Task: Repeat every record below exactly, leaving out the pictures.

Dataset items

"""

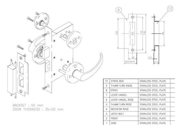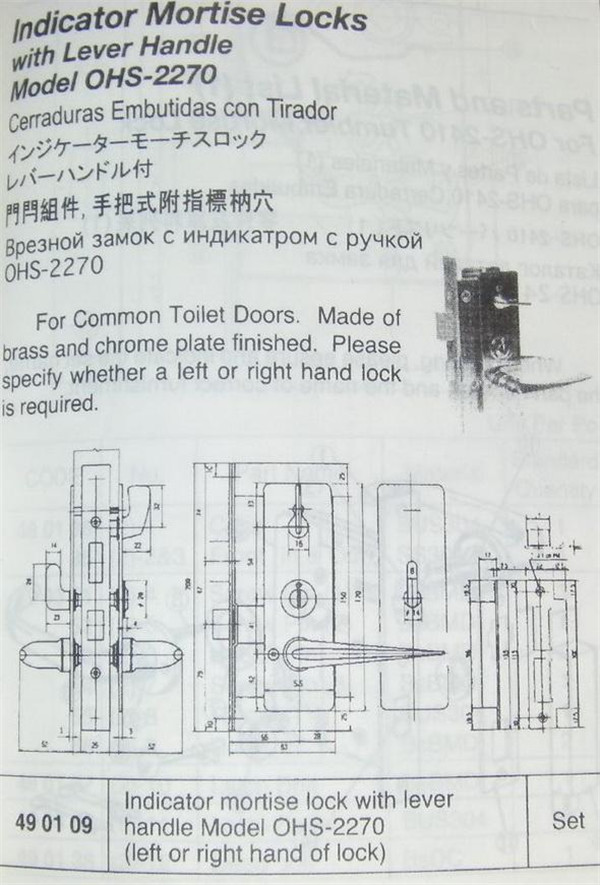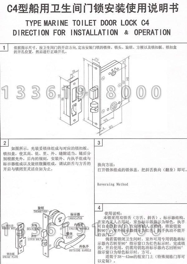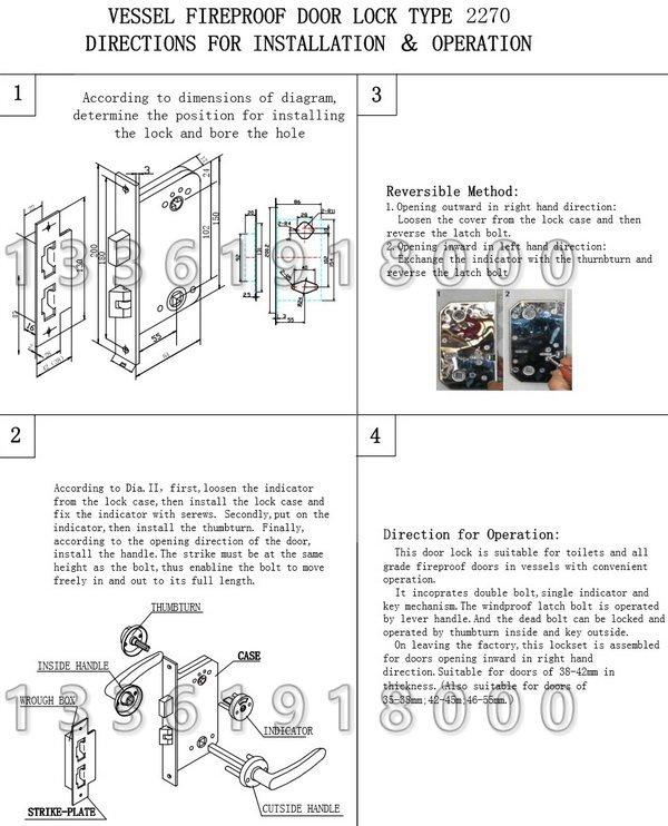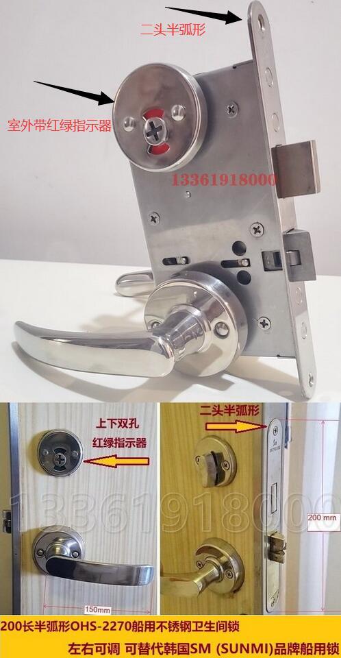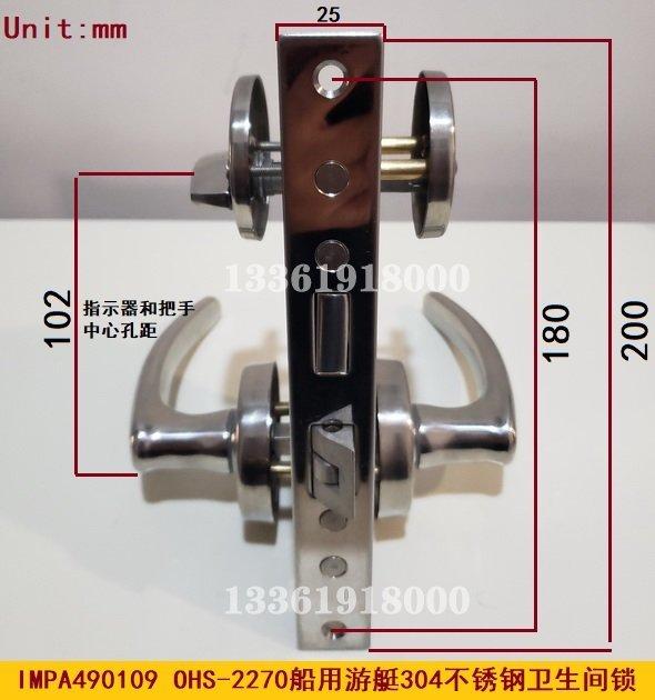 本鎖型号爲C4 OHS-2270船用鎖,IMPA船用物料手冊490109.可替代進(jìn)口Ohshima原裝鎖。本鎖用于船上衛生間,盥洗室防火門。通過(guò)船用防火測試.鎖體及全部配件均爲304不鏽鋼,鑰匙全銅。鎖體總長(cháng)度爲190mm和200MM二種(zhǒng),采用雙鎖舌,一斜舌,一方舌,斜舌起(qǐ)防風作用,方舌起(qǐ)鎖止啓閉作用。室外帶雙色指示器,紅色即爲有人,綠色即爲爲無人。室内帶旋鈕,若在室内將(jiāng)旋鈕轉90度,室外呈紅色顯示時(shí),衛生間即被(bèi)鎖止,執手不能(néng)開(kāi)啓,但室外可使用随帶鑰匙插入指示器開(kāi)啓整套鎖。該鎖适合厚度爲30-50MM的衛生間盥洗室防火門,具有安裝簡單使用方便的特點,适合各類船用,遊艇衛生間,盥洗室防火門使用.
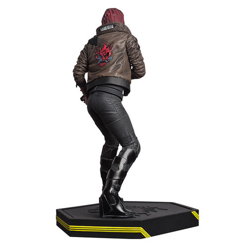 Фигурка высотой 21 сантиметр отличается высокой степенью детализации, вплоть до потёртостей куртки с эмблемой группы Samurai на спине и блестящих высоких ботинок. Выполненная из качественного ПВХ, фигурка стоит на тематической подставке с тем же логотипом Samurai, таком же как на куртке главной героини игры Cyberpunk 2077.
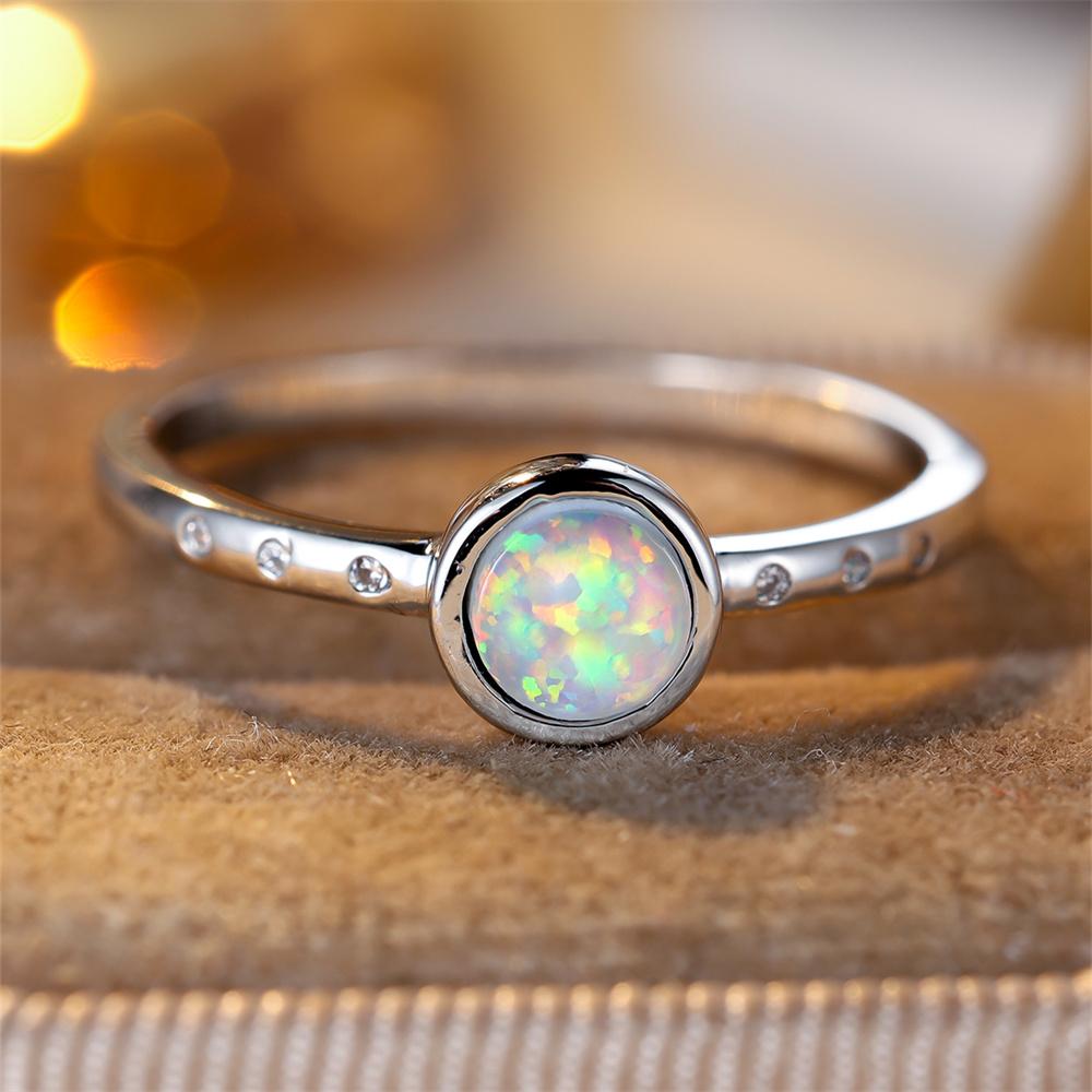 Białe Ogniste Opalowe Okrągłe Kamienie Pierścionki Solitaire Dla Kobiet Vintage Moda Srebrny Kolor Cienki Pierścionek Zaręczynowy Prosta Moda
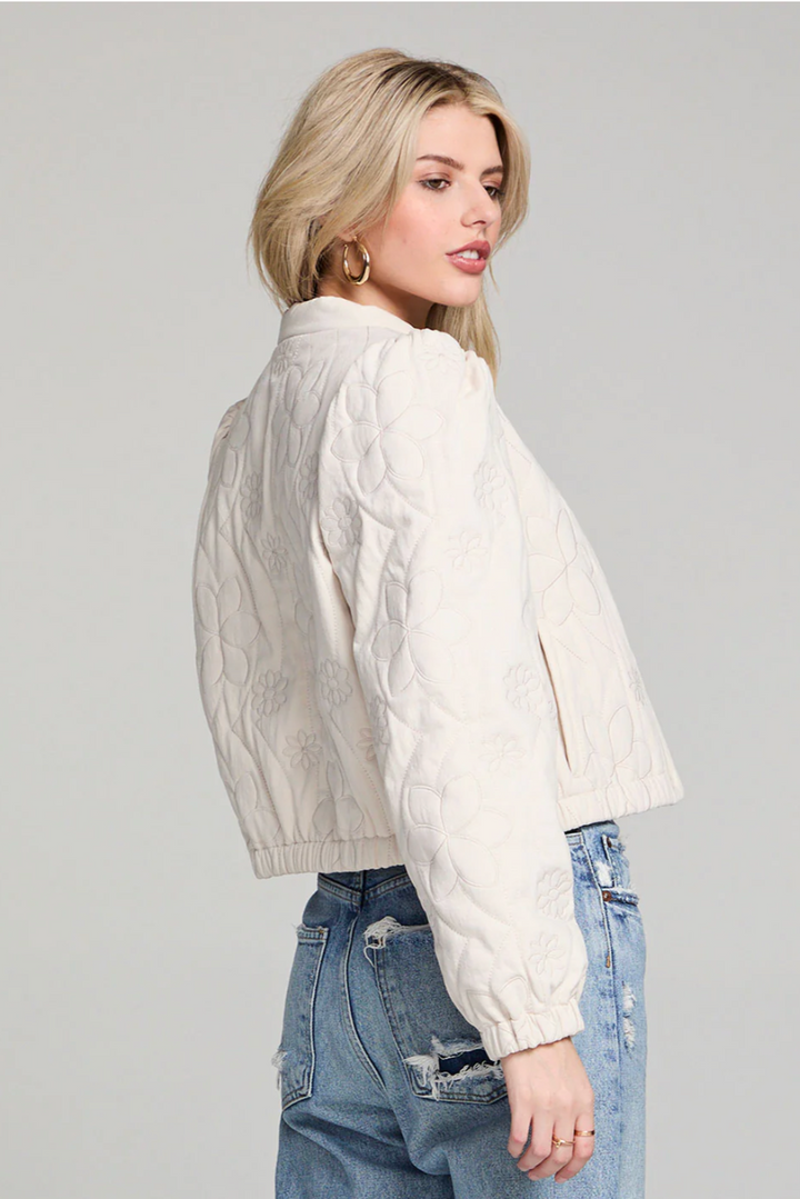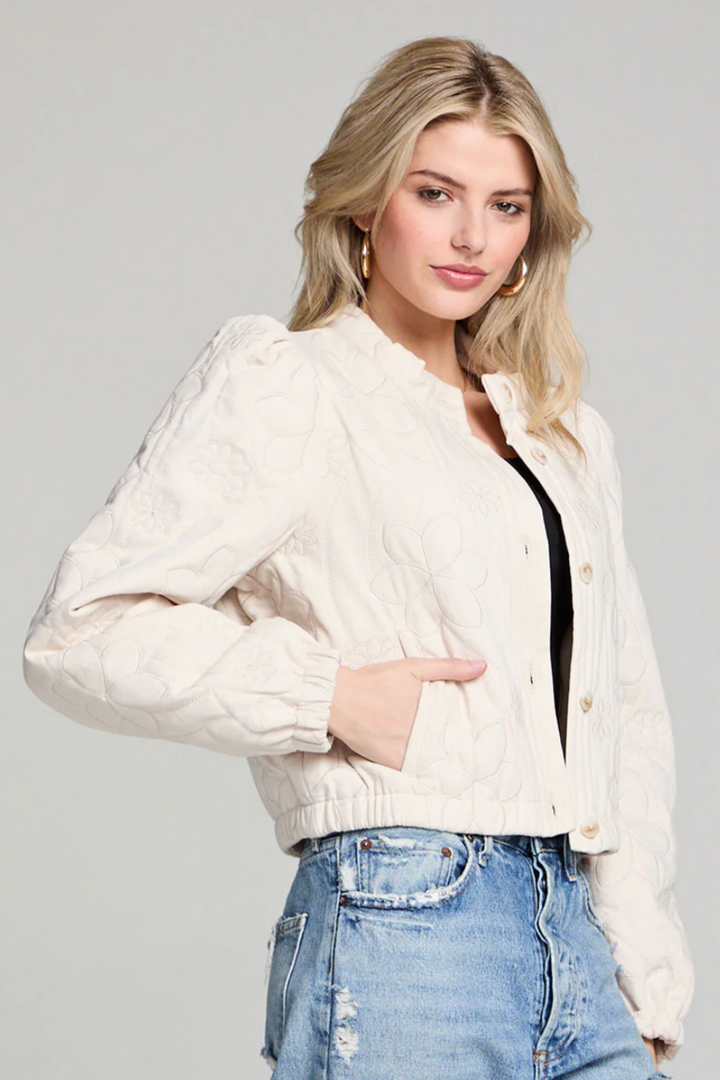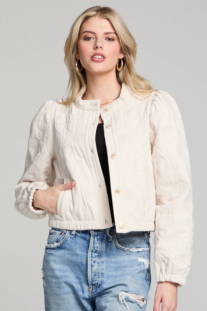 Expertly crafted with a quilted design, this Autumn Bomber Jacket in a light cream hue offers a versatile and stylish addition to your wardrobe. The puff sleeves and button front closure add a touch of elegance, making it suitable for any occasion, day or night. Stay warm and chic all season long.
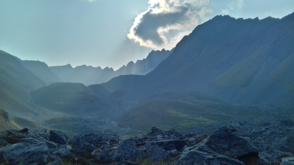 Nous descendons doucement les yeux devant la vallée qui n’a plus le mystère brumeux du matin, le soleil se couvre de gris ou de fumée. Les couleurs changent, c’est le même paysage et pourtant toujours surprenant, pourtant toujours éblouissant. Maman et ses petits sont restés bien cachés. Mon être descendant ressent la satisfaction de l’effort, oubliant les douleurs de la montée, les rouages rouillées de la descente.
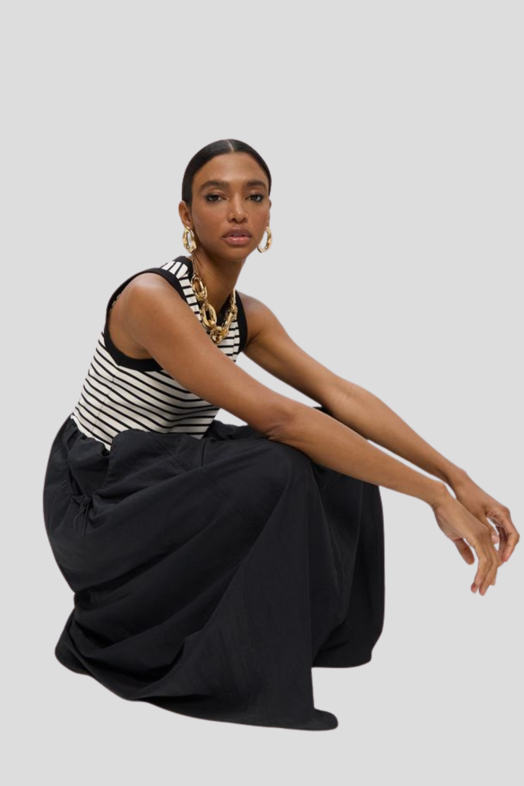 Рокля с изящен райе десен, която съчетава елегантност и съвременна лекота в изчистен силует. Деликатните линии на мотивите придават визуален ритъм и стил, подчертавайки фината хармония между форма и детайл, за изискано и модерно излъчване във всяка визия.

"""

Task response:
 本鎖型号爲C4 OHS-2270船用鎖,IMPA船用物料手冊490109.可替代進(jìn)口Ohshima原裝鎖。本鎖用于船上衛生間,盥洗室防火門。通過(guò)船用防火測試.鎖體及全部配件均爲304不鏽鋼,鑰匙全銅。鎖體總長(cháng)度爲190mm和200MM二種(zhǒng),采用雙鎖舌,一斜舌,一方舌,斜舌起(qǐ)防風作用,方舌起(qǐ)鎖止啓閉作用。室外帶雙色指示器,紅色即爲有人,綠色即爲爲無人。室内帶旋鈕,若在室内將(jiāng)旋鈕轉90度,室外呈紅色顯示時(shí),衛生間即被(bèi)鎖止,執手不能(néng)開(kāi)啓,但室外可使用随帶鑰匙插入指示器開(kāi)啓整套鎖。該鎖适合厚度爲30-50MM的衛生間盥洗室防火門,具有安裝簡單使用方便的特點,适合各類船用,遊艇衛生間,盥洗室防火門使用.
 Фигурка высотой 21 сантиметр отличается высокой степенью детализации, вплоть до потёртостей куртки с эмблемой группы Samurai на спине и блестящих высоких ботинок. Выполненная из качественного ПВХ, фигурка стоит на тематической подставке с тем же логотипом Samurai, таком же как на куртке главной героини игры Cyberpunk 2077.
 Białe Ogniste Opalowe Okrągłe Kamienie Pierścionki Solitaire Dla Kobiet Vintage Moda Srebrny Kolor Cienki Pierścionek Zaręczynowy Prosta Moda
 Expertly crafted with a quilted design, this Autumn Bomber Jacket in a light cream hue offers a versatile and stylish addition to your wardrobe. The puff sleeves and button front closure add a touch of elegance, making it suitable for any occasion, day or night. Stay warm and chic all season long.
 Nous descendons doucement les yeux devant la vallée qui n’a plus le mystère brumeux du matin, le soleil se couvre de gris ou de fumée. Les couleurs changent, c’est le même paysage et pourtant toujours surprenant, pourtant toujours éblouissant. Maman et ses petits sont restés bien cachés. Mon être descendant ressent la satisfaction de l’effort, oubliant les douleurs de la montée, les rouages rouillées de la descente.
 Рокля с изящен райе десен, която съчетава елегантност и съвременна лекота в изчистен силует. Деликатните линии на мотивите придават визуален ритъм и стил, подчертавайки фината хармония между форма и детайл, за изискано и модерно излъчване във всяка визия.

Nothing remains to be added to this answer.